Important: don't include variables like ID variables, ZIP codes, dates, etc.
Usage
smdi_rf(
data = NULL,
covar = NULL,
train_test_ratio = c(0.7, 0.3),
tune = FALSE,
set_seed = 42,
ntree = 1000,
n_cores = 1
)
Arguments
- data
dataframe or tibble object with partially observed/missing variables
- covar
character covariate or covariate vector with partially observed variable/column name(s) to investigate. If NULL, the function automatically includes all columns with at least one missing observation and all remaining covariates will be used as predictors
- train_test_ratio
numeric vector to indicate the test/train split ratio, e.g. c(.7, .3) which is the default
- tune
logical,if TRUE, a 5-fold cross validation is performed combined with a random search for the optimal number of optimal number of variables randomly sampled as candidates at each split (mtry). FALSE is the default due to potentially extensive computation times.
- set_seed
seed for reproducibility, defaults to 42
- ntree
integer, number of trees (defaults to 1000 trees)
- n_cores
integer, if >1, computations will be parallelized across amount of cores specified in n_cores (only UNIX systems)
Value
returns an rf object which comes as a list that contains the ROC AUC value and corresponding variable importance in training dataset (latter as ggplot object). That is, for each covar, the following outputs are provided:
rf_table: The area under the receiver operating curve (AUC) as a measure of the ability to predict the missingness of the partially observed covariate
rf_plot: ggplot object illustrating the variable importance for the prediction made expressed by the mean decrease in accuracy per predictor. That is how much would the accuracy of the prediction (# of correct predictions/Total # of predictions made) decrease, had we left out this specific predictor.

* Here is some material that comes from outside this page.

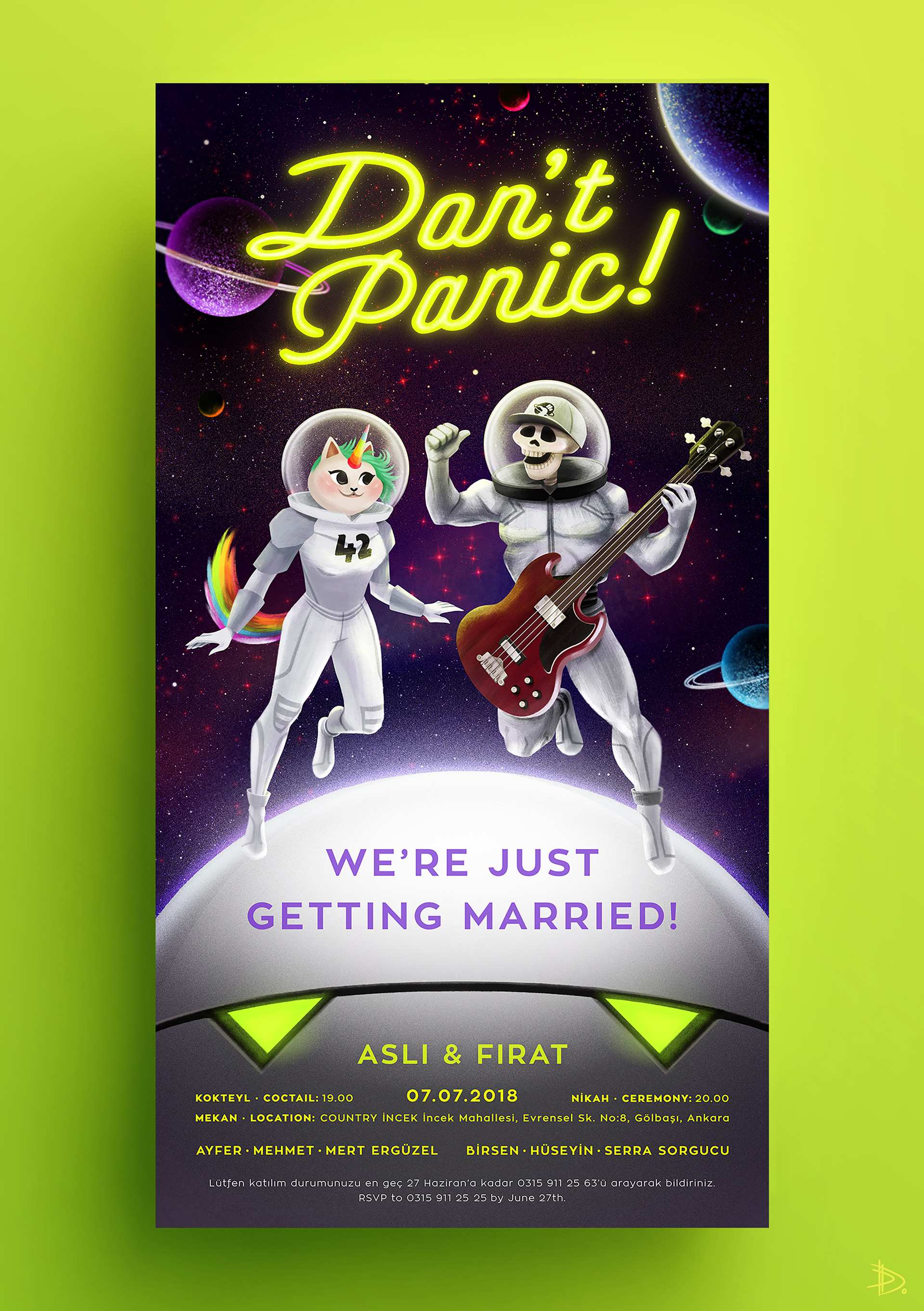 Don’t Panic: A special wedding invitation set designed for a couple who are fans of The Hitchhiker’s Guide to the Galaxy by Douglas Adams. The project included both digital and printed invitations, a menu, and additional printed pieces such as posters and magnets to be gifted to the guests. Don’t Panic was selected for display in the Invitation - Greeting Card Design category at the 37th Graphic Design Exhibition by the Graphic Designers Association (GMK) in 2018, Istanbul.

OOB: estimated OOB error for each investigated partially observed confounder (indicates the performance of the random forest model for data points that are not used in training a tree.)
Details
The random forest utilizes the randomForest engine.

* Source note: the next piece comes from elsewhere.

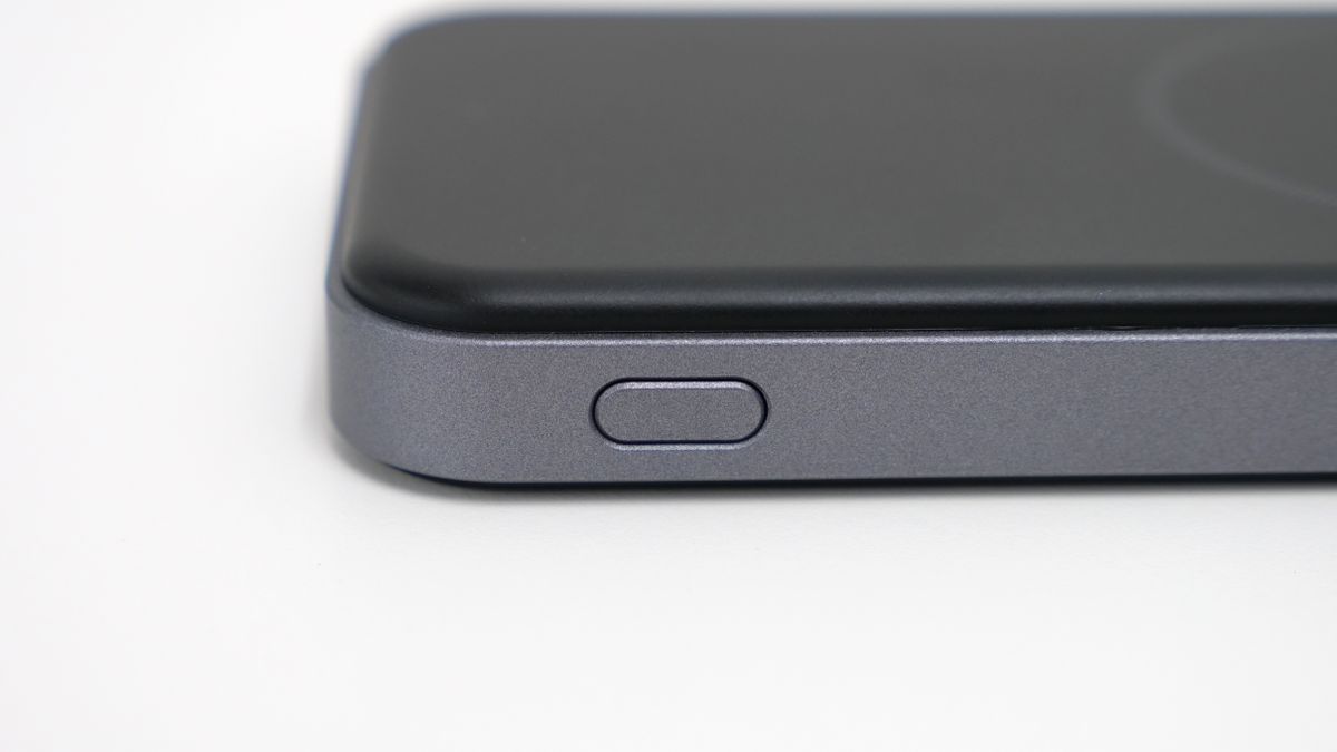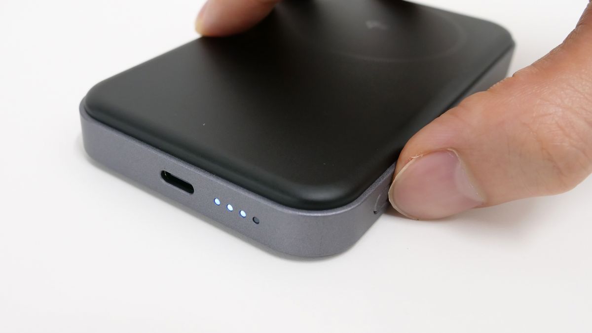側面の電源ボタンを短く押すと、LEDランプが点灯します。点灯するLEDランプの数はバッテリー残量を表しており、4個なら75%以上、3個なら75%未満、2個なら50%以下、1個なら25%以下とのこと。

CAVE: If the missingness indicator variables of other partially observed covariates (indicated by suffix _NA) have an extremely high variable importance (combined with an unusually high AUC), this might be an indicator of a monotone missing data pattern. In this case it is advisable to exclude other partially observed covariates and run missingness diagnostics separately.
References
Sondhi A, Weberpals J, Yerram P, Jiang C, Taylor M, Samant M, Cherng S. A systematic approach towards missing lab data in electronic health records: A case study in non-small cell lung cancer and multiple myeloma. CPT Pharmacometrics Syst Pharmacol. 2023 Jun 15. <doi: 10.1002/psp4.12998.> Epub ahead of print. PMID: 37322818.